The utility model also provides an object detection device, which comprises the object detection circuit; the detailed structure of the detection circuit of the object can refer to the above embodiments, and is not described herein again; it can be understood that, because the utility model discloses a detection circuitry of above-mentioned object has been used among the detection device of object, consequently, the utility model discloses detection device's of object embodiment includes all technical scheme of the whole embodiments of detection circuitry of above-mentioned object, and the technological effect that reaches is also identical, no longer gives unnecessary details here.
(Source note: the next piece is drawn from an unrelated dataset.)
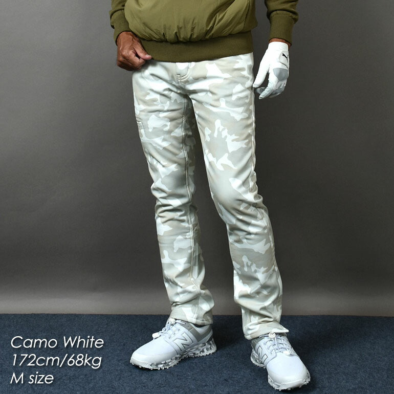 防寒!裏フリースボンディングウエストゴム入り総柄ゴルフパンツ(CG-A21033)

The above is only the optional embodiment of the present invention, and not the scope of the present invention is limited thereby, all the equivalent structure changes made by the contents of the specification and the drawings are utilized under the inventive concept of the present invention, or the direct/indirect application in other related technical fields is included in the patent protection scope of the present invention.

Claims

1. The detection circuit of an object is characterized by comprising a controller, an infrared transmitting circuit, an infrared receiving circuit and a signal processing circuit;

2. The detection circuit of an object according to claim 1, wherein the infrared emission circuit includes a switching circuit and an infrared signal output circuit;

3. The detection circuit of an object according to claim 2, wherein the switching circuit comprises a first resistor and a first transistor;

4. The detection circuit of an object according to claim 2, wherein the infrared signal output circuit includes an infrared diode and a second resistor;

5. The detection circuit of an object according to claim 1, wherein the infrared receiving circuit comprises a phototransistor, a third resistor, a fourth resistor, and a first capacitor;

6. The detection circuit of an object according to claim 1, wherein the signal processing circuit includes an operational amplifier circuit and a comparator circuit;

7. The detection circuit of an object according to claim 6, wherein the operational amplifier circuit comprises a fifth resistor, a sixth resistor and a first operational amplifier;

8. The detection circuit of an object according to claim 6, wherein the comparison circuit comprises a seventh resistor, an eighth resistor, a ninth resistor, and a second operational amplifier;

9. The object detection circuit according to claim 8, further comprising a reference voltage generation circuit;

10. An apparatus for detecting an object, characterized in that the apparatus comprises a circuit for detecting an object according to any one of claims 1-9.